Matt Elliot – The Broken Man review

It will take over three minutes of listening to classical guitar work on The Broken Man’s opening track, Oh How We Fell before Elliot’s rich, growly voice starts singing. Or rather, talk-singing. It’s like listening to the lamentations of a friend: intimate, somber, thoughtful. Truly, the verse “I am lost in this mournful refrain” describes the despairing tone of the album.  Actually, the lovely flamenco-infused stringwork drifts through most of the songs and while not lightening the tone, it adds a welcome undercurrent. Elliott’s acoustical work is deliberate and exacting, each note singular and well-formed.

If a listener had any thoughts that succeeding tracks would reveal a bit of hope, a hand offered in friendship to relieve the artist’s oppressive melancholy, the song titles alone would brush that aside. As a writer of different genres myself, I completely identify with the downward emotional trajectory and wistfulness for something that will never be again that is the centerpiece theme. The musical arrangements convey this independent of Elliott’s smoky baritone and choked refrains, but when you are in pain, another gut-punch always seems appropriate.

I am not familiar with the artist’s previous body of work, but musical anguish such as this is not a one-time thing. Woven throughout the tracks, over and between the unsettled bells and mournful guitar, are lovely strains of melody, although the pace of most of them is deliberate rather than peppy.

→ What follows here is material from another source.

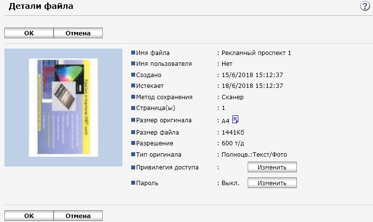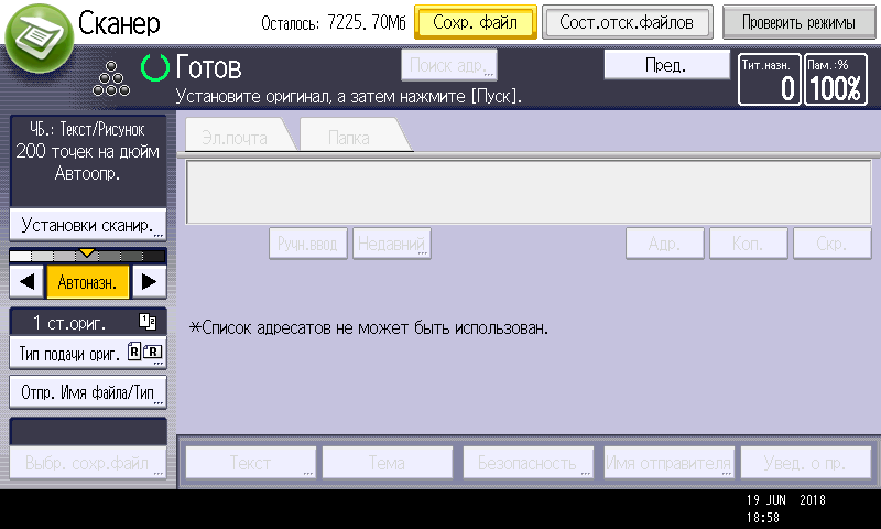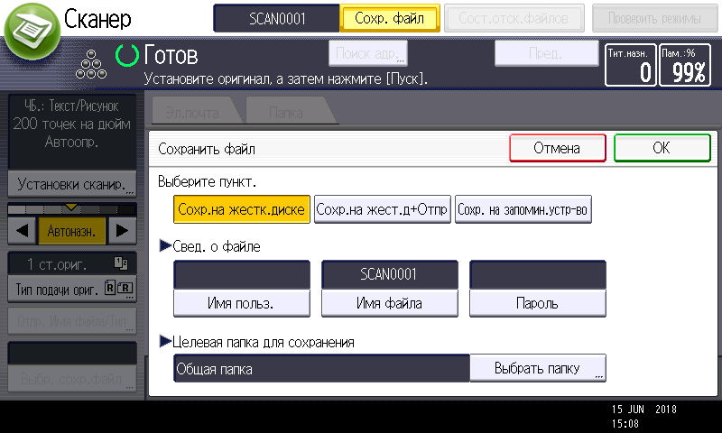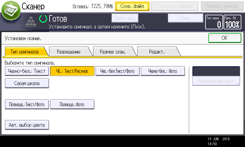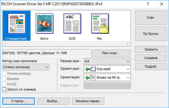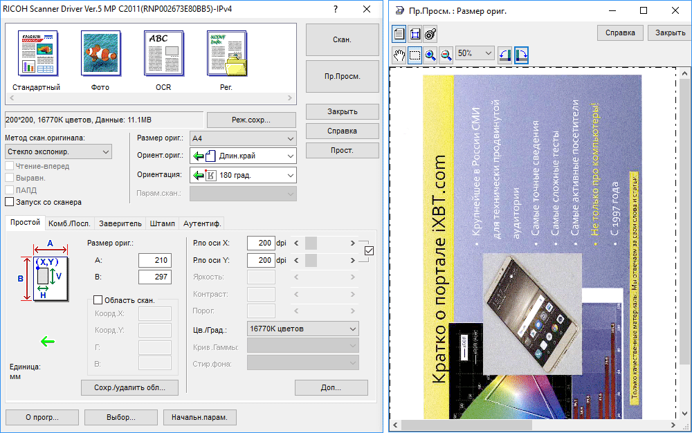 Для работы с USB-флешек задавалось сохранение в виде многостраничного PDF-файла, время замерялось от нажатия кнопки «Пуск» до появления сообщения об окончании записи файла, при сканировании с компьютера — от старта кнопкой приложения до появления последней страницы в его окне. Поскольку установки «Тип оригинала», как на панели управления МФУ, в драйвере нет, использовались наиболее близкие параметры, они указаны в скобках.

There is a definite place for this type of work, among the absolute drivel that is current pop and the sameness of many of the “alternative” musicians. It’s not depressing as it is meditative and an intentional reflection of the common state of more people than not. It would definitely be something one could relate to if there was personal tragedy afoot , but if drama is lacking in your life, a tour through Elliot’s somberscape should stir something up.